- _Material supplied_:
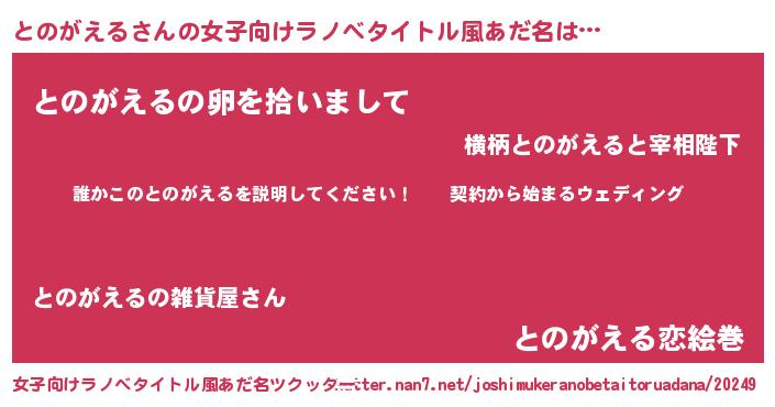 | 男性向けラノベタイトル風あだ名 | 『トノガエルアートオンライン』 |
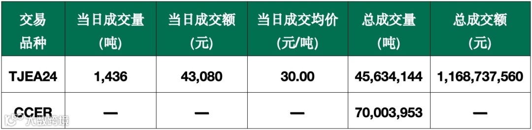 截至今日,天津碳市场配额累计成交45,634,144吨,成交金额1,168,737,560元;CCER累计成交70,003,953吨。
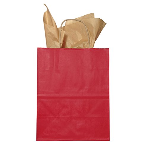 - Natural kraft paper bag with flat dark and deep red tint ink.
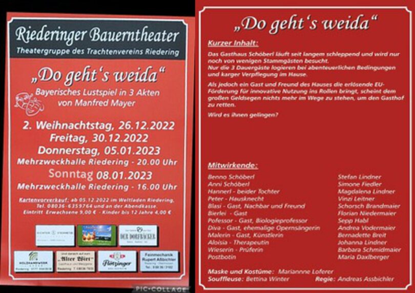 Die Theatergruppe vom Trachtenverein Riedering bringt zur heurigen Weihnachtszeit das heitere Lustspiel “Do geht´s weida” in drei Akten zur Aufführung. Premiere ist am zweiten Weihnachtsfeiertag, 26. Dezember um 20 Uhr in der Mehrzweckhalle von Riedering.
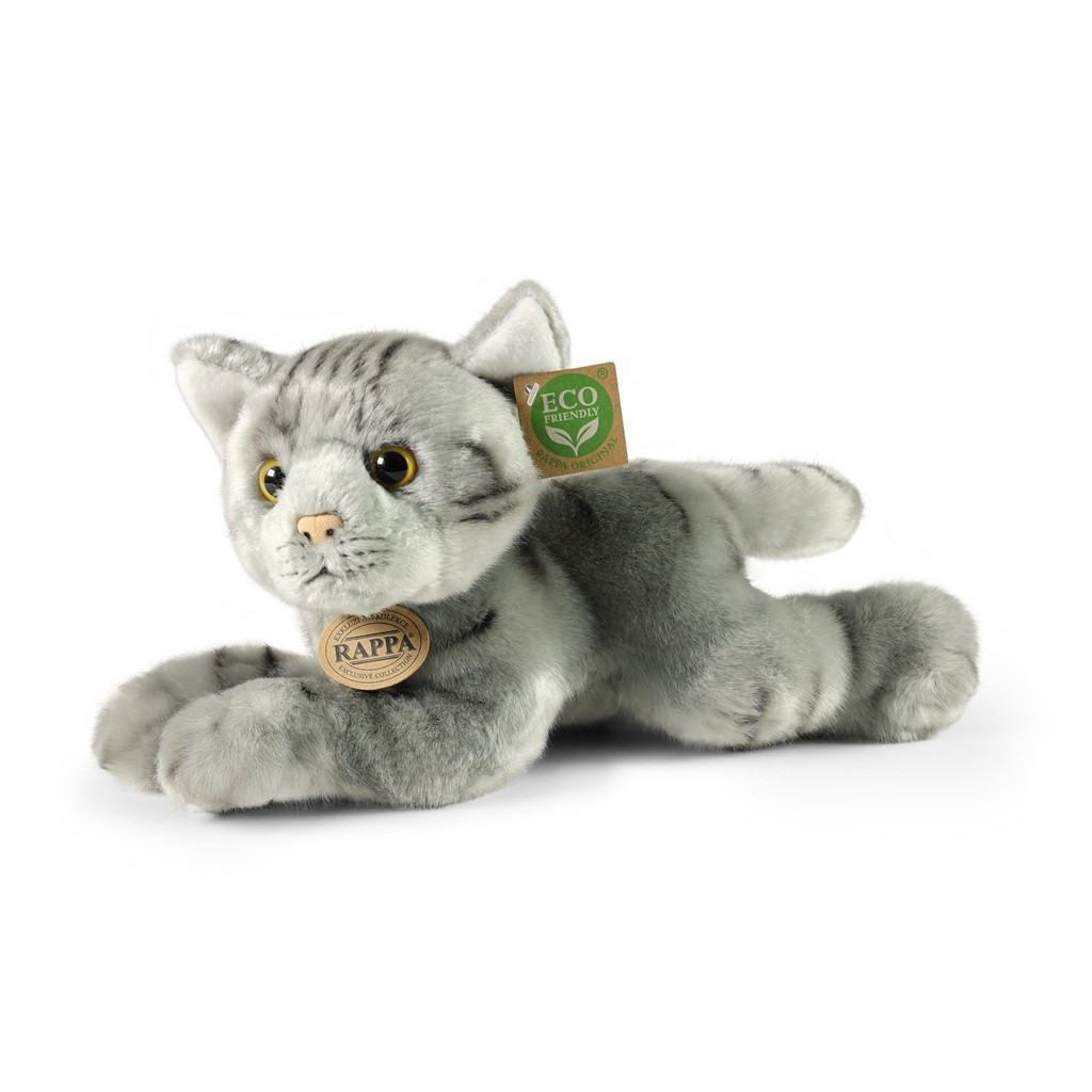 Rappa Plüss szürke fekvő cica 30 cm ECO-FRIENDLY - JátékManufaktúra
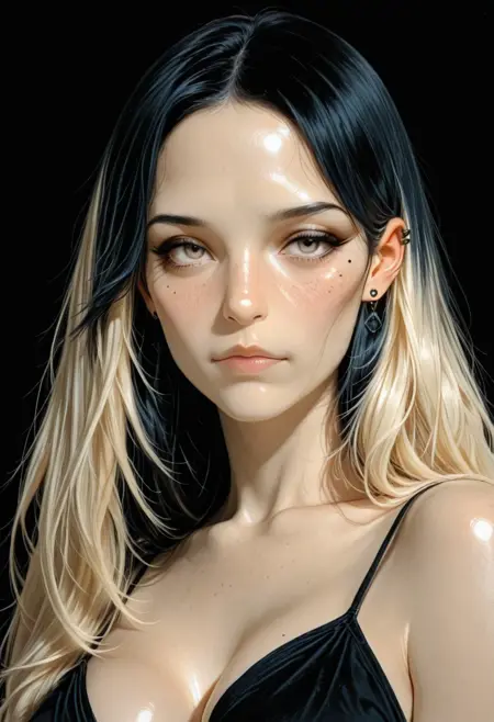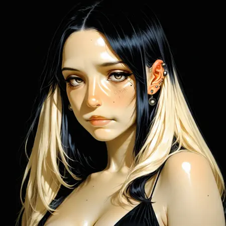 Multiple_piercings, long hair, multicolored hair, two-tone hair, black hair:1.2, blonde hair:0.8,
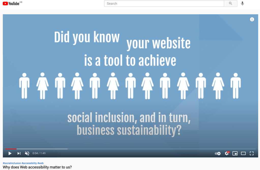 The disabled are the disadvantaged group that our society and businesses need to care about because of social responsibility and legal responsibility (The Disability Discrimination Ordinance (Cap 487)). According to the Office of the Government Chief Information Officer of HKSAR, all people, irrespective of age, race, education, or disability, shall have equal access to all the information and services in websites or mobile applications. COVID-19 crisis worsens connectivity as the disabled person may have difficulties in moving around to get the resources and services.
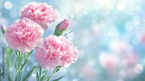 Pink Carnation Blossoms Blooming with Soft Light and Bokeh Effect
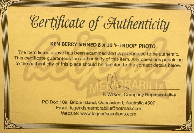 Ken Berry Personally Signed 8 X 10 "F-Troop" Photo. Ken Berry Was An American Actor, Comedian, Dancer, And Singer. Berry Starred On The Television Series F Troop, Mayberry R.F.D. And Mama'S Family. The Item Is Accompanied By A Certificate Of Authenticity.
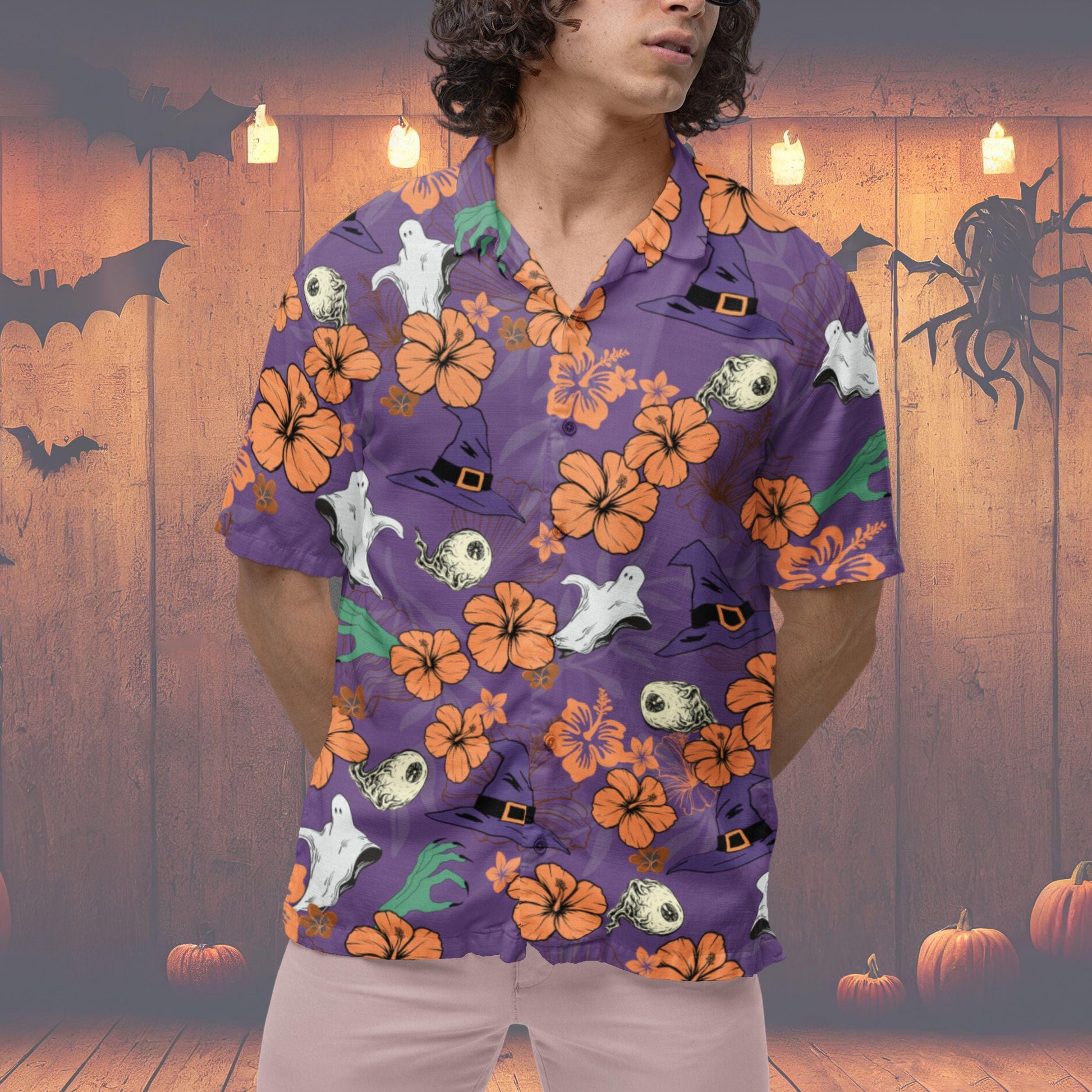Halloween Hawaiian Shirt, Halloween Button Down Shirt Witch Ghost Halloween Pattern
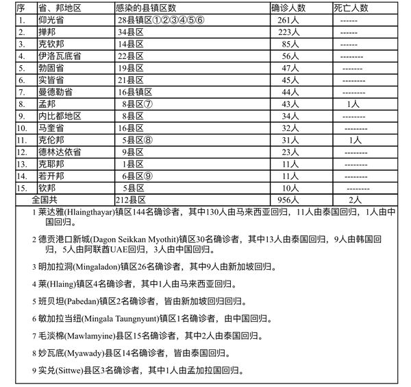 缅甸卫生部于3月12日下午6时发布公告,全国各省邦,3月11日的确诊人数共为956人,死亡人数2人,具体数据如下表:
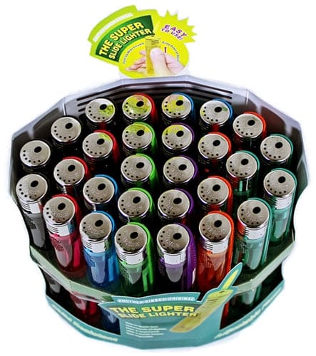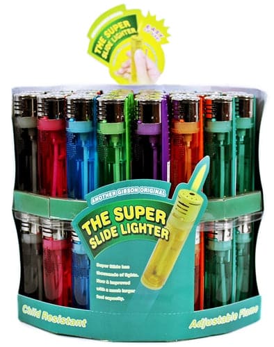 Super Slide Refillable Lighter. 56 Lighters In A Display.
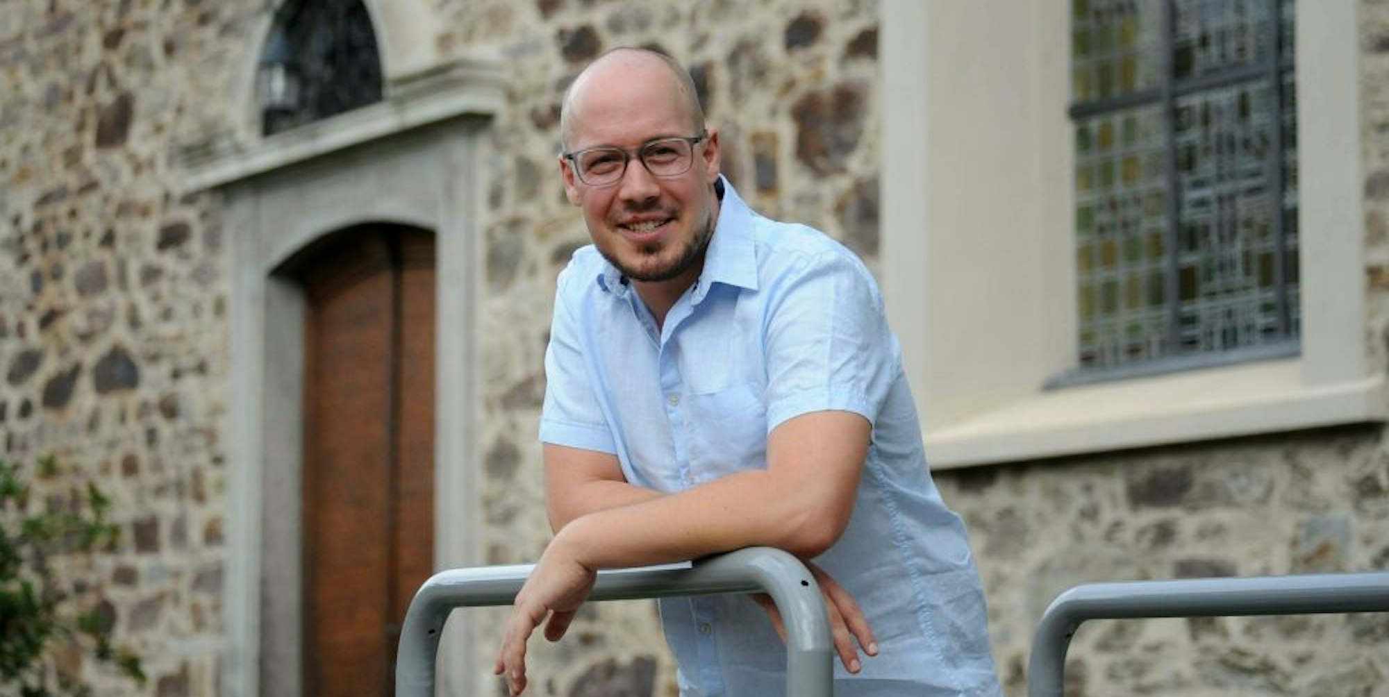 Kantor Carsten Ehret vor seinem Abschlusskonzert des Leichlinger Orgelsommers in der evangelischen Kirche an der Marktstraße.
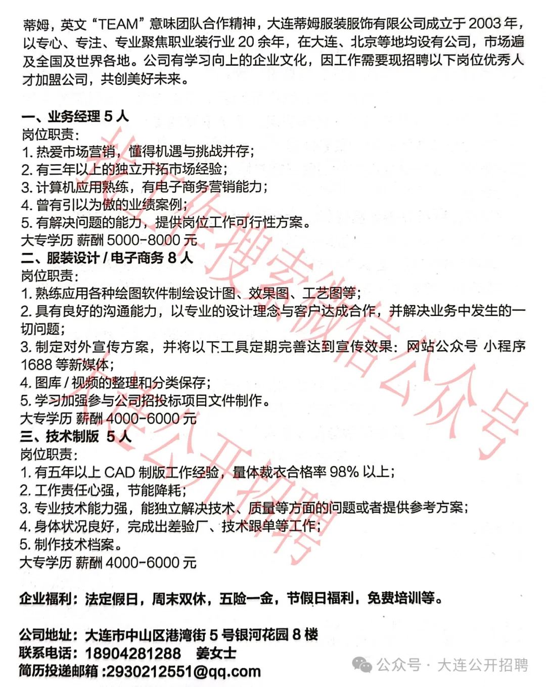 大连蒂姆服装服饰有限公司招聘

- _Work instruction_: Nothing but the lines above, starting at the line that contains "Halloween Hawaiian Shirt, Halloween" and ending at the line that contains "Super Slide Refillable", should be given again, exactly and without the pictures.

- _Answer to the exercise_:
Halloween Hawaiian Shirt, Halloween Button Down Shirt Witch Ghost Halloween Pattern
 缅甸卫生部于3月12日下午6时发布公告,全国各省邦,3月11日的确诊人数共为956人,死亡人数2人,具体数据如下表:
 Super Slide Refillable Lighter. 56 Lighters In A Display.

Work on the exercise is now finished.